1. For web API requests for individual jobs, the intermediate directory is
still scanned first, but inside scanIntermediateDir(), we could add checking of
existence of the jhst files of the associated job (), and only when the files
do exist do we move files in intermediate directory to done directory. The
assumption is that file existence is not expensive, and if the files do not
exist in intermediate directory, we only acquire the lock on the user directory
for a short period of time.
2. For web API requests of individual jobs, when intermediate directory is
scanned, check the existence of the job files, and only files of the job
associated with the request are moved from intermediate directory to done
directory.
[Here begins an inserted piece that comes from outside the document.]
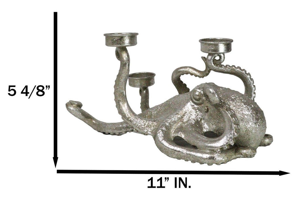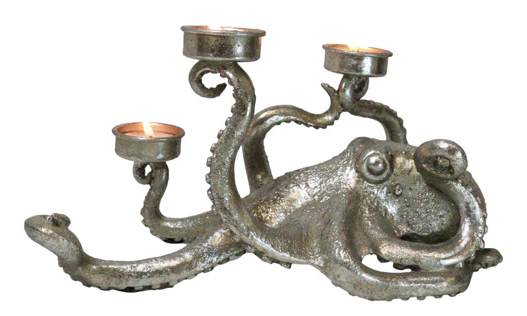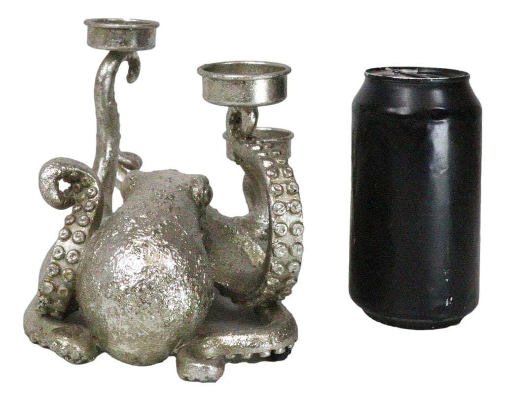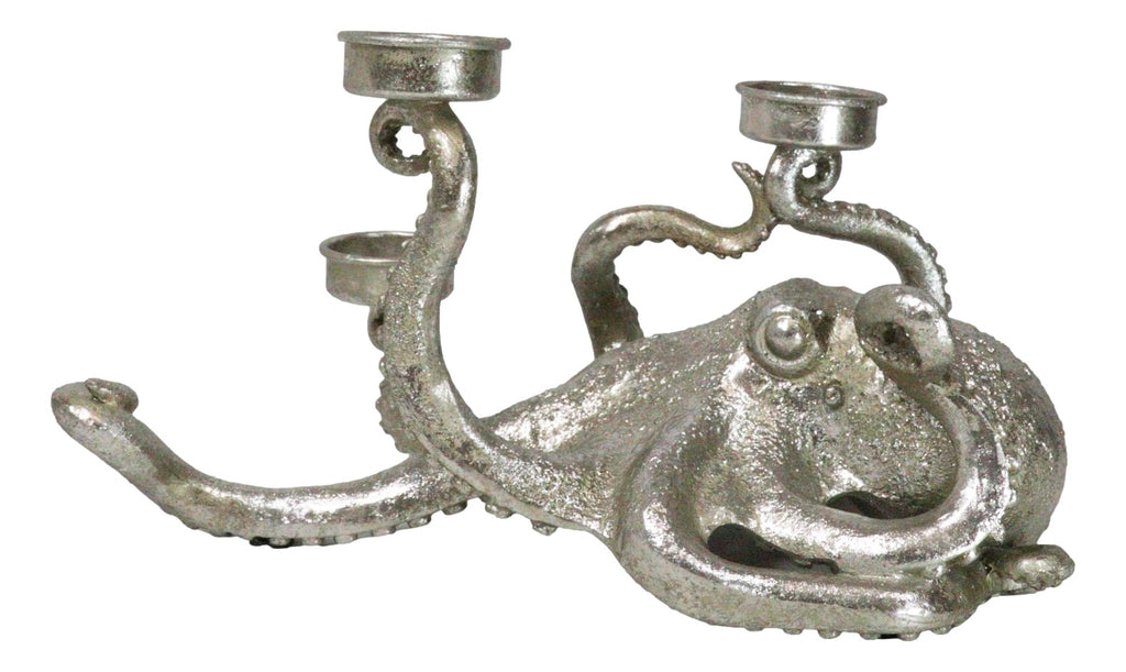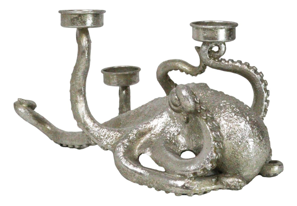 Contemporary Silver Marine Ocean Octopus Tentacles Trio Votive Candle Holder

This reduces the time for which each job web request thread blocks,
but may have much smaller overall throughput that the previous approach when
file moving is done in batch.
3. Have a dedicated thread to scan the intermediate directory and other threads
to wait on a monitor associated with a particular job. When the dedicated
thread finishes, threads waiting on the monitors will be notified. By having a
single writer, the contention on the user directory lock can be reduced. But it
does have the problem of conflicting with clients' expectation as [~revans2]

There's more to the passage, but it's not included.